The default command would be:

docker run -it \
    --gpus all \                      # (1)!
    --cap-add SYS_ADMIN \           # (2)!
    --shm-size 64G \              # (3)!
    symbioticlab/zeus:latest \
    bash
  1. Mounts all GPUs into the Docker container. nvidia-docker2 provides this option.
  2. SYS_ADMIN capability is needed to manage the power configurations of the GPU via NVML.
  3. PyTorch DataLoader workers need enough shared memory for IPC. If the PyTorch training process dies with a Bus error, consider increasing this even more.

Use the -v option to mount outside data into the container. For instance, if you would like your changes to zeus/ outside the container to be immediately applied inside the container, mount the repository into the container. You can also mount training data into the container.

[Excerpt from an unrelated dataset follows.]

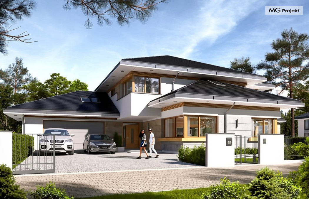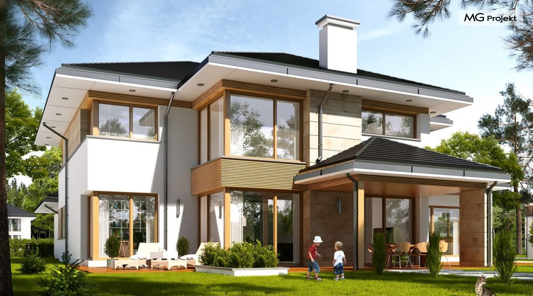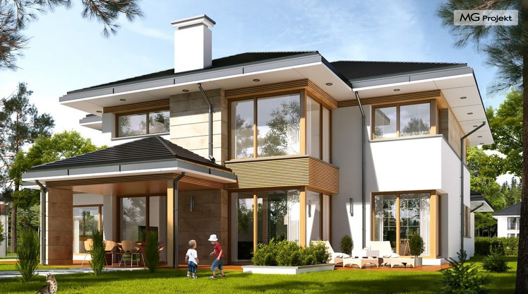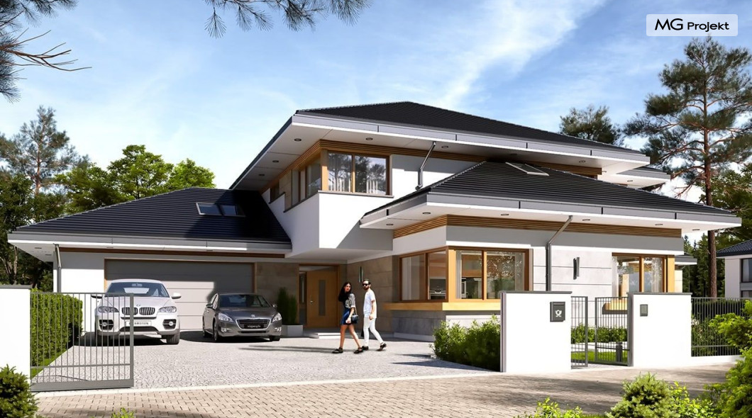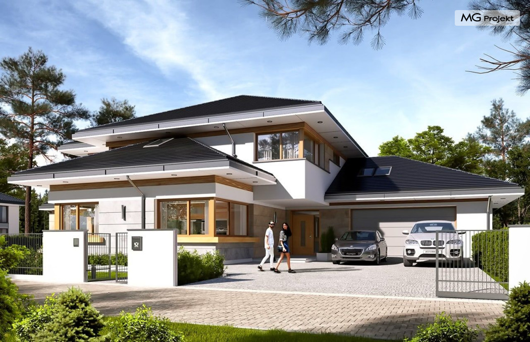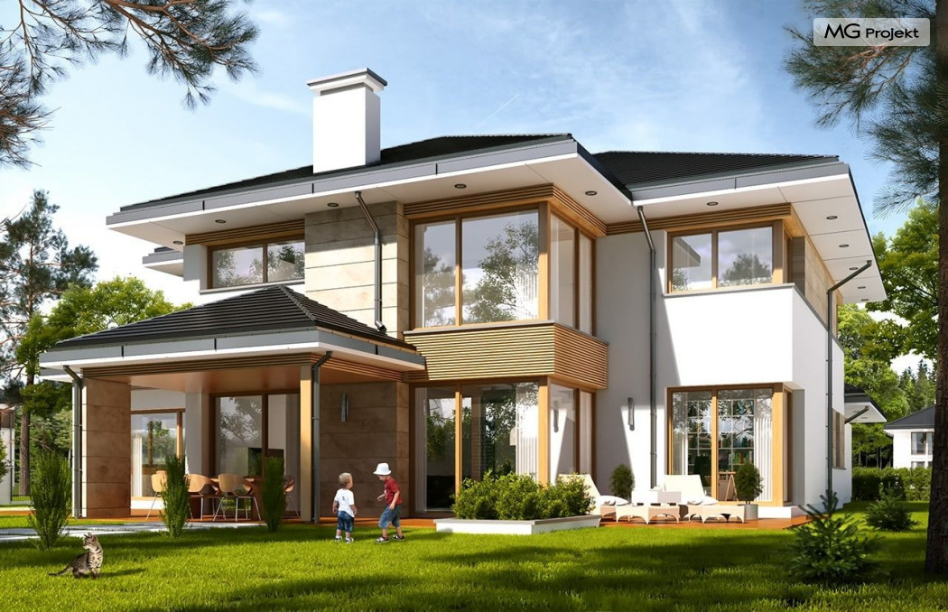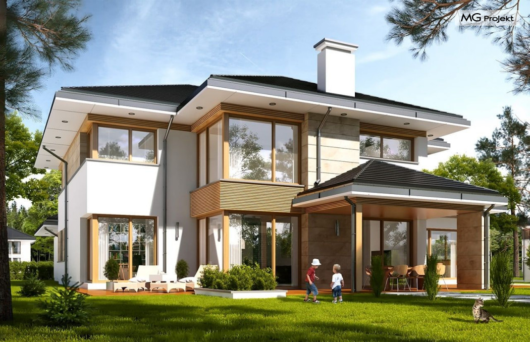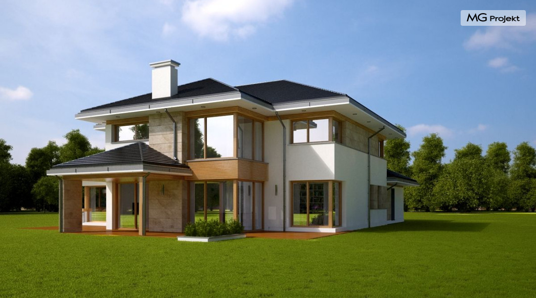 Projekt domu Dom z widokiem 4 jest kolejną wersją popularnego projektu Dom z widokiem. Jest to bardzo komfortowa podmiejska willa dla 4-6-cio osobowej rodziny. Dom składa się z piętrowej głównej bryły i dodanych parterowych mniejszych części. Całość tworzy układ litery „T”. Budynek można ustawić na działce tak, aby ściana z drzwiami wejściowymi i bramą garażową była frontem lub bokiem do drogi dojazdowej -w zależności od sytuacji. Ogród, tarasy i główne przeszklenia są wówczas usytuowane w przeciwległym narożniku działki. Także dom można postawić zarówno na działce z niekorzystnym nasłonecznieniem - z ogrodem od frontu, czy boku, ale również z ogrodem z tyłu domu. Nowoczesna architektura domu wpasuje się doskonale zarówno w ścisłą willową zabudowę, jak i w wiejski teren. Charakterystycznym elementem są tutaj duże narożne okna, okapy łagodnych dachów, oraz elewacje podzielone na pasy wykończone różnymi materiałami, jak tynk, kamień, czy drewno. Projekt domu Dom z widokiem 4 ma nowoczesną, ale stonowaną architekturę. Emanuje z niej spokój i elegancja. Dzięki połączeniu dobrych sprawdzonych detali architektura domu nigdy się nie zestarzeje i nie wyjdzie z mody. Jednymi z głównych atrakcji wilii są jej przeszklenia - największą jest dwukondygnacyjny szklany narożnik salonu, łączący pokój dzienny z pustką z tarasem i ogrodem. Pozostałe przeszklenia : w jadalni, w kuchni, sypialniach, czy przy wejściu do domu, dodatkowo potęgują efekt otwartości wnętrza. Przestrzeń jest luksusem - wnętrze domu zagospodarowano kierując się tą myślą. Parter to w dużej mierze otwarta część dzienna - salon, jadalnia, hol, kuchnia. Na parterze zmieściliśmy dodatkowy pokój - gabinet. Piętro to sypialnie rodziców i dzieci, z łazienkami i garderobami. Na piętrze mieści się duża antresola nad salonem , którą można wykorzystać jako dodatkowy pokój. Projekt domu Dom z widokiem 4 to dom dla ludzi wyjątkowych, z wizją, z pragnieniem życia w nietuzinkowym otoczeniu, wśród pięknych wnętrz. Dostaępna jest także wersja domu w odbiciu lustrzanym (garaż po prawej stronie), oraz: Dom z widokiem, Dom z widokiem 2, Dom z widokiem 2C, Dom z widokiem 3, Dom z widokiem 3F, Dom z widokiem 5, Dom z widokiem 6, Dom z widokiem 6B, Dom z widokiem B, Dom z widokiem E.
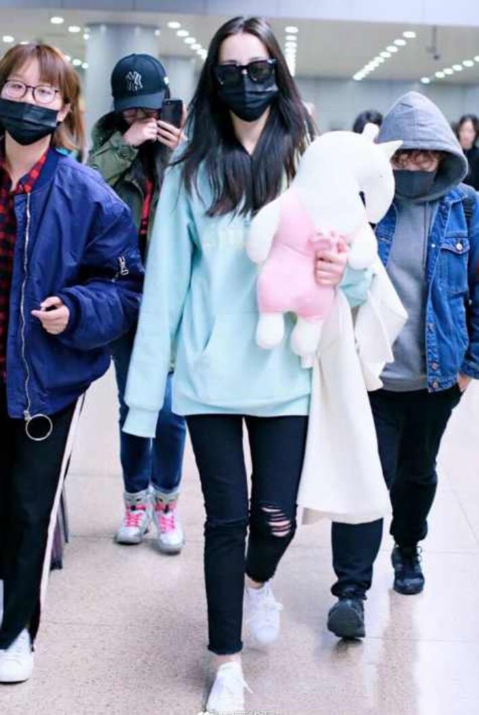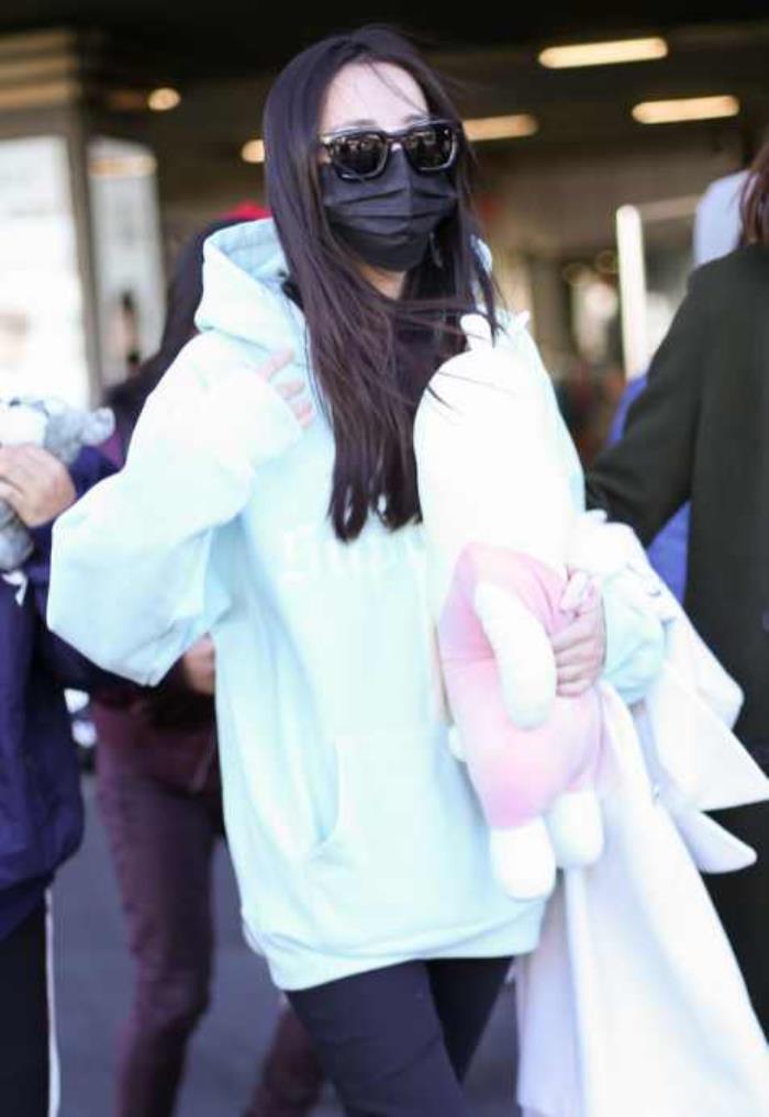 29号上午,迪丽热巴匆匆忙忙现身北京机场,

# Working directory is repository root
docker run -it \
    --gpus all \                               # (1)!
    --cap-add SYS_ADMIN \                    # (2)!
    --shm-size 64G \                       # (3)!
    -v $(pwd):/workspace/zeus \          # (4)!
    -v /data/imagenet:/data/imagenet:ro \
    symbioticlab/zeus:latest \
    bash
  1. Mounts all GPUs into the Docker container. nvidia-docker2 provides this option.
  2. SYS_ADMIN capability is needed to manage the power configurations of the GPU via NVML.
  3. PyTorch DataLoader workers need enough shared memory for IPC. If the PyTorch training process dies with a Bus error, consider increasing this even more.
  4. Mounts the repository directory into the Docker container. Since the zeus installation inside the container is editable, changes you made outside will apply immediately.